■ **Directions for this task**:
No pictures belong in the copy. Set down exactly the lines from the one that contains "Hajnali kutyasétáltatáshoz, bringázáshoz, nagy" through the end of the data.

■ **Given records**:

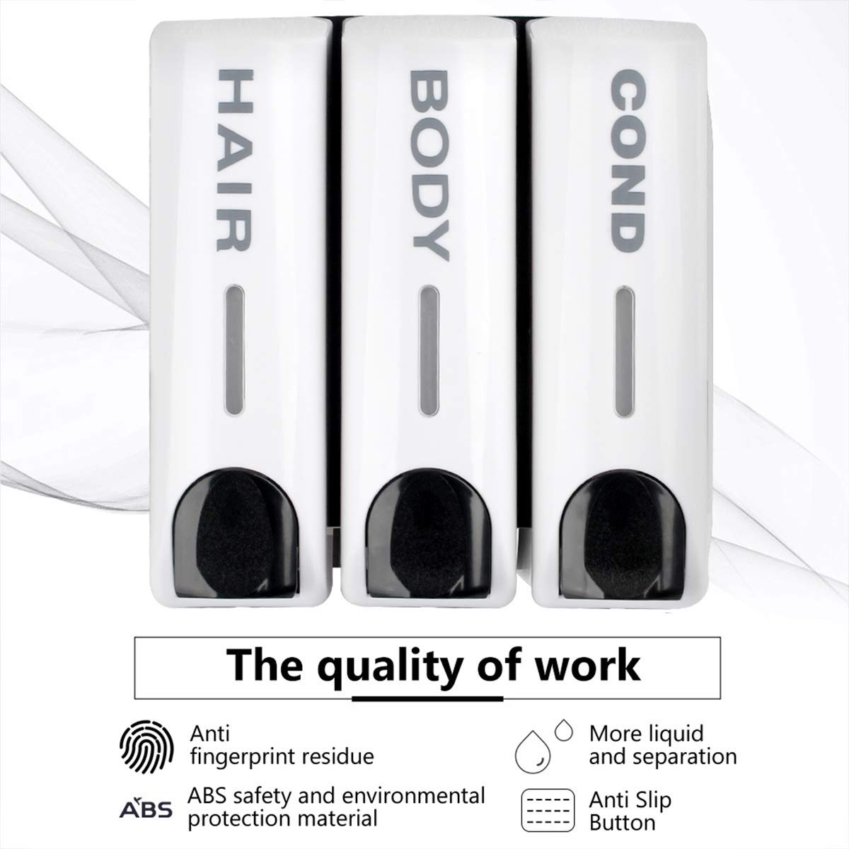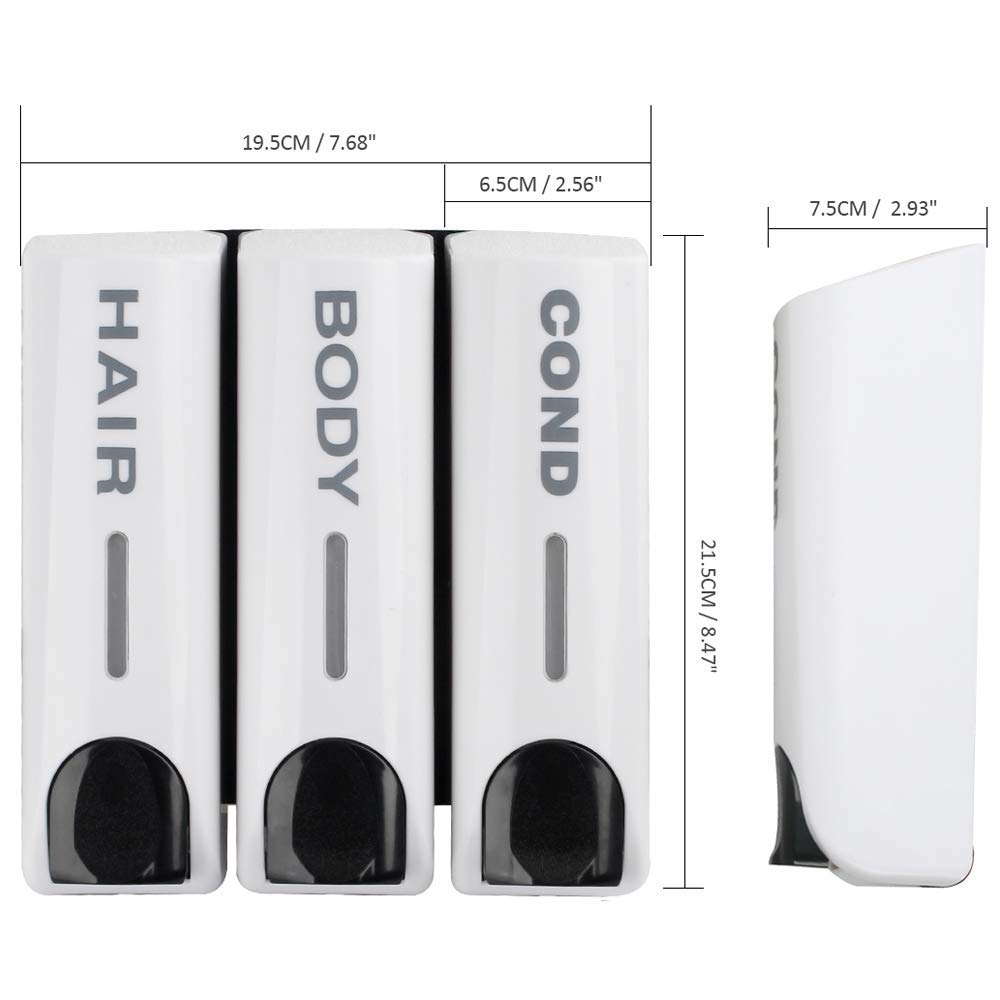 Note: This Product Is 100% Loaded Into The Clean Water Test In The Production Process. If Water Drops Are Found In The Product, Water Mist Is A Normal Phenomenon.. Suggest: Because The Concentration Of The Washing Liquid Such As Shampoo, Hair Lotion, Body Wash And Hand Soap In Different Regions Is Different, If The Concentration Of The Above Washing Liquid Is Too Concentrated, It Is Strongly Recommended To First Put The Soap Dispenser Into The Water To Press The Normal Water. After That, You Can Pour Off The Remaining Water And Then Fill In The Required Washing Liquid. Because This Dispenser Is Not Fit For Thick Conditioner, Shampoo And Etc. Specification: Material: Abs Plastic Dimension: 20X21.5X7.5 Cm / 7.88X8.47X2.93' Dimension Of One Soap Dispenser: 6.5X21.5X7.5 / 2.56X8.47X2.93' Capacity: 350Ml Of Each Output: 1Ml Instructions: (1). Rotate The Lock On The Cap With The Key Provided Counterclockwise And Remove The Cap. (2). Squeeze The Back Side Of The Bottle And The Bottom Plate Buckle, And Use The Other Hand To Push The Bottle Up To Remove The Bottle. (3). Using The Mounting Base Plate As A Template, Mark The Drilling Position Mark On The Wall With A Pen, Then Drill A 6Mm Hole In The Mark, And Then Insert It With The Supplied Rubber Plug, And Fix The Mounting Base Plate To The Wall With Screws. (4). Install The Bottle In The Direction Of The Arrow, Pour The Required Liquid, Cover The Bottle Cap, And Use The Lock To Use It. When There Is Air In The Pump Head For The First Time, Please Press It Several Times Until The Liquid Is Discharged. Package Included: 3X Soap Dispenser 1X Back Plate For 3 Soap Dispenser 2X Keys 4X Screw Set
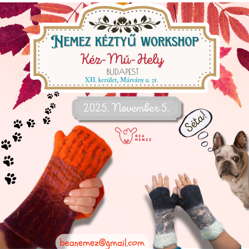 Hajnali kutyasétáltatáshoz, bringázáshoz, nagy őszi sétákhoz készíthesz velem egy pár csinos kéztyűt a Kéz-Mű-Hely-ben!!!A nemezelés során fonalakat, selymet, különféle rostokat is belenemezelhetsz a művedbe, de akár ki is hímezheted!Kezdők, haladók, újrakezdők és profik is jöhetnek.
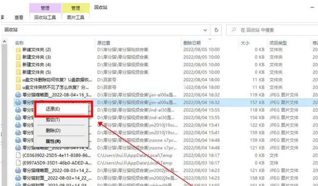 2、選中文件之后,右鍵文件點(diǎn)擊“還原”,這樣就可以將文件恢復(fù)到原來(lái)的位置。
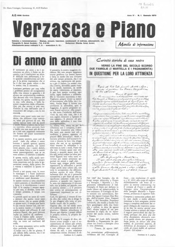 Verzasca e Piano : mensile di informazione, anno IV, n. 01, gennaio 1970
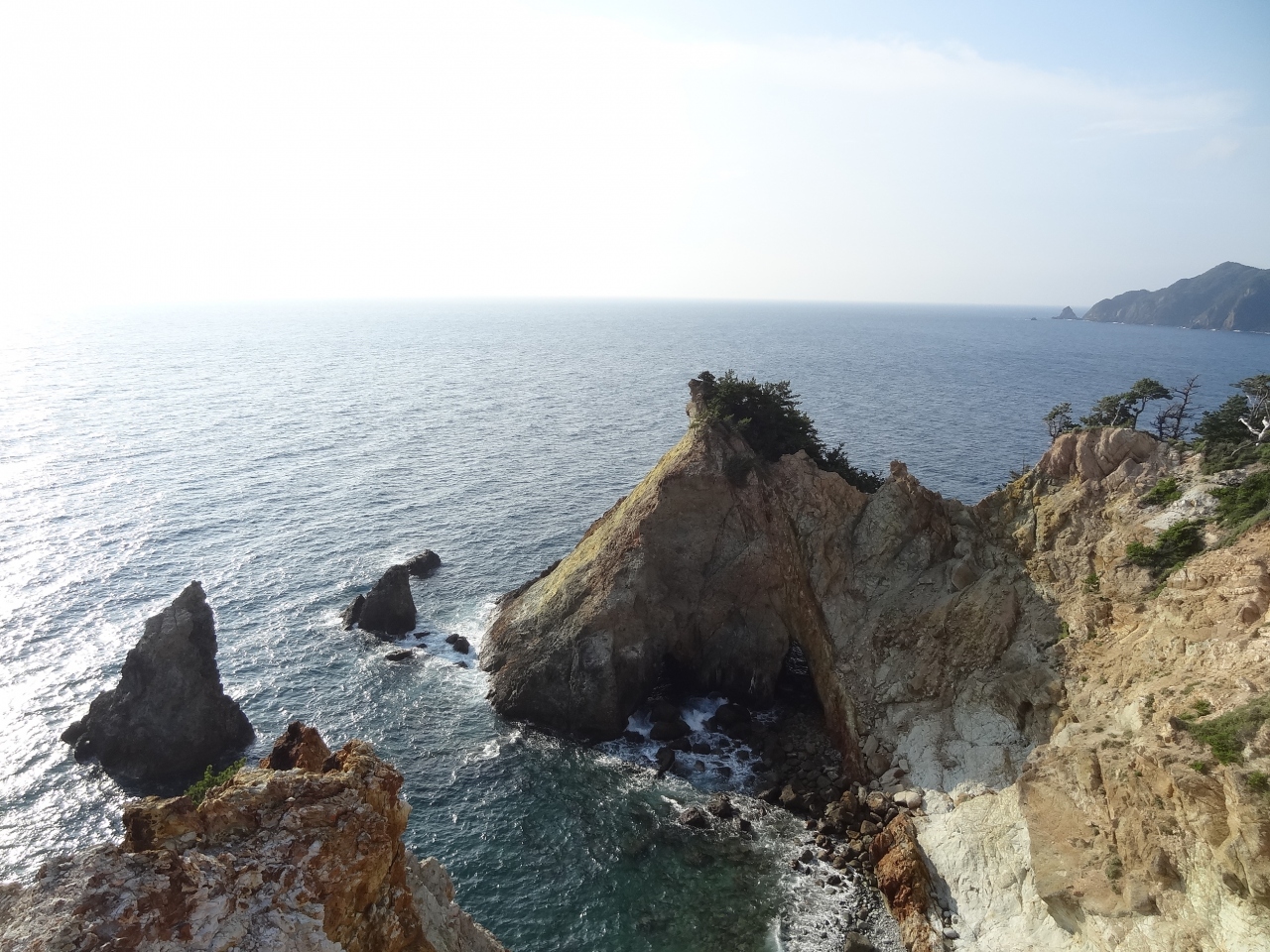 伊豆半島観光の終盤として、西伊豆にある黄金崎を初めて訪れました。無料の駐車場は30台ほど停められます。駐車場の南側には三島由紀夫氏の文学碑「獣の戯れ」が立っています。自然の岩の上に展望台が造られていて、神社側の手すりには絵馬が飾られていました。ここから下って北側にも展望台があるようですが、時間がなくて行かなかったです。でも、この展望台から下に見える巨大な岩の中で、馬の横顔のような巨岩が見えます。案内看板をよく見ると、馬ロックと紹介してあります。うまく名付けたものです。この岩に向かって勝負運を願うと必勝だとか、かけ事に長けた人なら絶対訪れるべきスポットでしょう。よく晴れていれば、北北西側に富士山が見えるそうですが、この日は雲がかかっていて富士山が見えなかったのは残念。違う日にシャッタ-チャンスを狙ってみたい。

■ **Answer to this problem**:
 Hajnali kutyasétáltatáshoz, bringázáshoz, nagy őszi sétákhoz készíthesz velem egy pár csinos kéztyűt a Kéz-Mű-Hely-ben!!!A nemezelés során fonalakat, selymet, különféle rostokat is belenemezelhetsz a művedbe, de akár ki is hímezheted!Kezdők, haladók, újrakezdők és profik is jöhetnek.
 2、選中文件之后,右鍵文件點(diǎn)擊“還原”,這樣就可以將文件恢復(fù)到原來(lái)的位置。
 Verzasca e Piano : mensile di informazione, anno IV, n. 01, gennaio 1970
 伊豆半島観光の終盤として、西伊豆にある黄金崎を初めて訪れました。無料の駐車場は30台ほど停められます。駐車場の南側には三島由紀夫氏の文学碑「獣の戯れ」が立っています。自然の岩の上に展望台が造られていて、神社側の手すりには絵馬が飾られていました。ここから下って北側にも展望台があるようですが、時間がなくて行かなかったです。でも、この展望台から下に見える巨大な岩の中で、馬の横顔のような巨岩が見えます。案内看板をよく見ると、馬ロックと紹介してあります。うまく名付けたものです。この岩に向かって勝負運を願うと必勝だとか、かけ事に長けた人なら絶対訪れるべきスポットでしょう。よく晴れていれば、北北西側に富士山が見えるそうですが、この日は雲がかかっていて富士山が見えなかったのは残念。違う日にシャッタ-チャンスを狙ってみたい。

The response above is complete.